Behold my governor’s advertised ‘achievements’: A harvest of
handshakes. A handshake from a European ambassador, an ambassadorial
handshake. Is it a mean achievement in three years? A handshake with
the Sultan of Sokoto, a royal handshake. Why not if not? Like my
imaginary uncle boasted, which Anambra State governor ever had a
handshake before the emergence of Mr. Peter Obi? A handshake with
waves making author, Chimamanda Adichie. Why not if not? Was the
book, Half of the Yellow Sun not authored by the Mr. Peter Obi
administration? For sure our daughter Adichie deserves commendation,
but is it what a governor of a state is celebrating as one of his
significant achievements in three years? Is this not a poverty of
publicity? One would have loved to hear the governor recount how he
supported her when she was authoring the book. One would have loved
to see the governor beat his chest on how he had been encouraging
the arts and intellectual excellence. We would have longed to see a
long list of scholarships and academic endowments. A revitalised
education system wouldn’t have been a bad advertisement. A cursory
look at the execution of the education budget of these three years
of ‘achievements’ would show a deliberate relegation of education by
this ‘wonderful’ government.
The ‘achievements’ continue: Alms giving to a disabled beggar by Her
Excellency, the governor’s wife! This is too annoying to be funny.

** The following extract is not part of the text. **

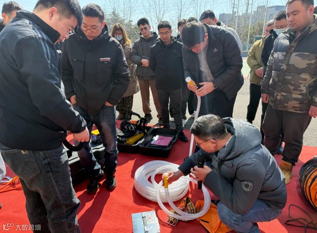 实操演练环节则重点围绕有限空间作业中常用安全设备的使用展开,详细演示了有毒气体检测仪、五点式安全带、长管呼吸机、正压式呼吸器、手提式有限空间排风机及救援型三角架等设备正确的安装、使用方法及注意事项。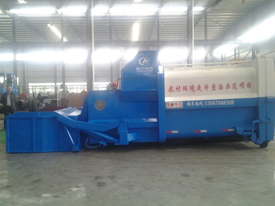 10)公司生產(chǎn)的垃圾壓縮站用車廂可卸式垃圾車(俗稱鉤臂車)進(jìn)行運(yùn)輸,一般一臺(tái)車配4~6個(gè)我們的垃圾壓縮站。大大提高了車的使用效率。減少總的投資管理維護(hù)費(fèi)用。

This is an everyday thing everybody does. But it is an unprecedented
‘achievement’ for our governor. Which governor of Anambra State
before His Excellency, Mr. Peter Obi ever gave alms to a beggar? Ok,
which Anambra State family has ever given alms to the poor? Pictures
depicting visits by some staffers of some international bodies.
Great ‘achievements’. Aren’t they? Which governor of Anambra State
before His Excellency, Mr. Peter Obi ever received a visitor, local
or international? The show continues: His Excellency, Mr. Peter Obi
and family in a religious function. A man of God indeed! Is it a
mean ‘achievement’? Which governor of Anambra other than His
Excellency, Mr. Peter Obi has ever been to a church? Some
semi-obsolete computers in few secondary schools. Great. How many of
these computers have been installed? Where are the generators to
power them? How many are still lying fallow in the principal’s house
due to security issues? Do you mount computers in dilapidated
unsecured structures? What efforts were made to see that these
computers are made usable by the pupils?
Another powerful but controversial achievement, though not
advertised in the contentious publication is the transportation of
whopping 250 million naira cash ostensibly for a contractor in the
official vehicles of the governor of Anambra State. A worthy
achievement indeed.
Finally, several bungalows and a few storey buildings, strategically
photographed from different angles, a few roads and several
publicity stunts. That is all our able governor chose to ‘show’ us
through multimillion naira propaganda. Why not? Are all of us not
object blind in Anambra State? For sure these projects are in the
cupboard, that’s why the generality of Ndi Anambra can’t see them.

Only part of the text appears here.